Legislature poised to boost tourism funding | SummitDaily.com

Legislature poised to boost tourism funding

eagle county correspondent

EAGLE COUNTY ” It only took 14 years, but Colorado almost has a steady, substantial source of money to promote tourism. Those in the local tourism business couldn’t be happier.

A bill to funnel $19 million per year into “tourism promotion” has passed both the state House and Senate. Once a final version of the bill makes it to Gov. Bill Owens’ desk, he’s expected to sign it immediately.

The money would come from taxes paid by the state’s casinos. That money was originally set to go into the state’s road maintenance fund. But one of the bill’s sponsors said the loss to road work would be temporary.

“There will be money available for transportation,” said State Sen. Jack Taylor, a Steamboat Springs Republican.

The money, Taylor said, would come from the taxes that are collected from increased spending by tourists.

“There’s a big return on investment from promotion,” Taylor said. “Studies show that return could be anywhere from $2 to $20 on every dollar spent.”

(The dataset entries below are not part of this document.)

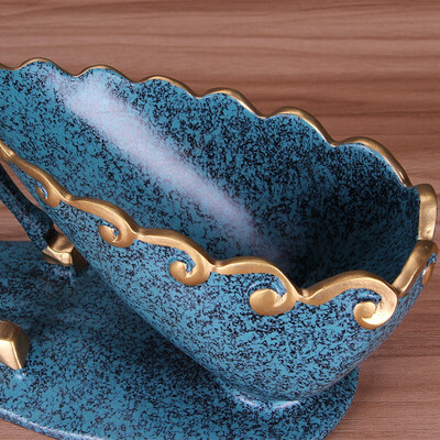 采用简洁的线条雕刻手法,经历多道工序,运用色彩层次丰富的冰裂蓝,烫金梅花,点缀造型逼真,整体生动有美感。
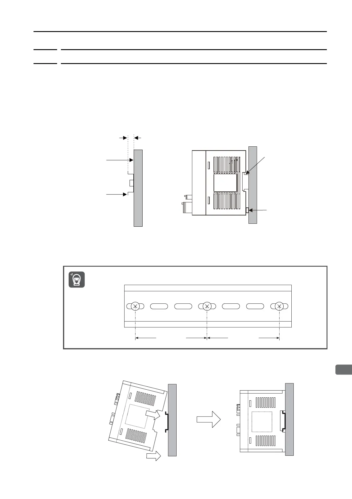 Secure the DIN rail at a pitch of 150 mm or less, as shown in the following figure.
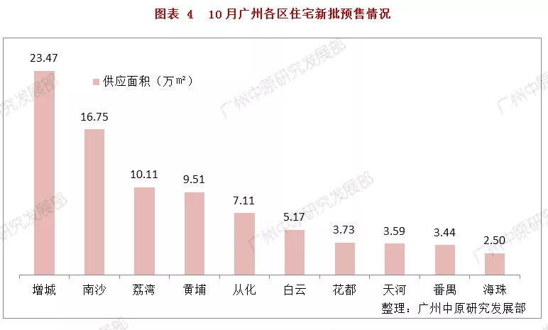从区域情况来看,10月供应仍以增城、南沙两区为主要支撑,两区累计提供40.22万㎡新批面积,占总供应量近一半水平。
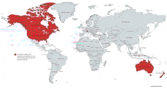 While there have been various approaches to reduce usage through diet control, feeding of probiotics and the use of vaccines, a particular approach that is gaining interest is the use of bacteriophages to target bacteria. Bacteriophages, more commonly referred to as phages, are a class of viruses discovered for their bactericidal effects even before the discovery of penicillin and other antibiotics. However, due to the ease of use and importance of antibiotics in World War II, research on bacteriophages stagnated until the recent postantibiotic era and the increasing severity of AMR. As viruses that target only a specific family of bacteria, phages effectively kill colonies of infection-causing bacteria while ignoring other beneficial microorganisms and cells. Regulations for phage therapy for human application are strict due to limited clinical trials on the safety of humans; however, several countries have passed regulations allowing for the use of phage therapy in food processing and agriculture (Figure 1). While there are currently no regulations allowing for phage product use within the European Union, phage products are allowed on food exports to countries where it is authorized. Health Canada has issued Letters of No Objection for bacteriophage mixtures against Escherichia coli (E. coli), Salmonella enterica (Salmonella) and Listeria monocytogenes (Listeria) as processing aids for the removal of pathogenic Salmonella from meat products post-slaughter and processing []. EcoShieldTM and PhageGuard ETM, among other bacteriophage mixtures against E. coli, Salmonella and Listeria, are approved in the United States by the FDA for use in packaged meat and food products. As more investigations and assessments on the risks of phage therapies are conducted, it will not only improve the situation of AMR in the food supply chain but also provide evidence for the potential safety of use in treating bacterial infections in humans.
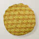 Geel gebreide stof: gestreepte textuur. rond kussen
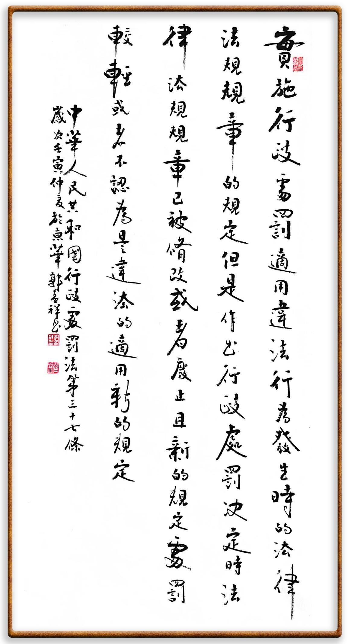 繼《中華人民共和國民法典》《中華人民共和國土地管理法》《中華人民共和國土地管理法實施條例》《中華人民共和國法律援助法》之后,法治日報社聯(lián)合北京市司法局、北京市書法家協(xié)會,將筆端對準《中華人民共和國憲法》和《中華人民共和國行政處罰法》。
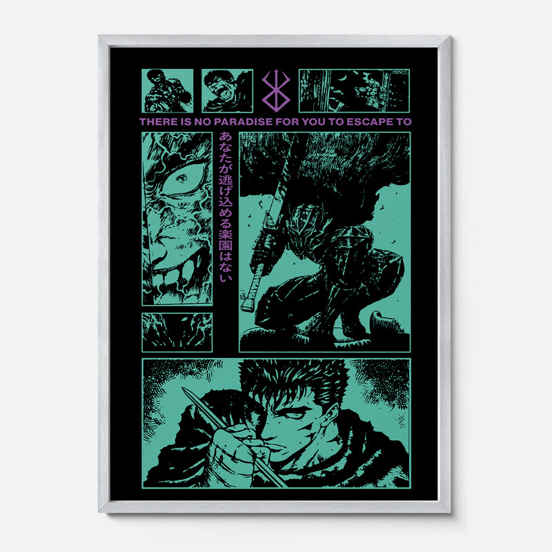 Berserk Anime Poster Print, 90s Manga Wall Art Decor

If the return is $10 in increased sales tax for every dollar spent on magazine and TV ads, that could mean the state would reap $200 million in new tax collections, Taylor said. Half of that would go to local governments, with half going to the state.

Gary Lindstrom, who represents Summit, Lake and Eagle counties in the House, was a co-sponsor of the bill. He said the promotion program could start as early as this year.

“The new fiscal year starts July 1, so probably by the fall we could see a program in place,” he said.

Since the last dedicated source of promotion money ” a small state sales tax ” expired in 1992, the state has relied on a number of hit-and-miss ways to fund tourism promotion. Big resorts and attractions paid for their own national advertising, but places from Eagle to Heeney to Mancos were left out.

It’s taken a long time to get a secure source of money to promote the state, and Taylor has worked on the problem since he was first elected to the House in 1992.

The day the bill passed the Senate “was the best day I’ve had in 14 years here,” Taylor said. “When you work on something that long, it’s exciting to see it finally happen.”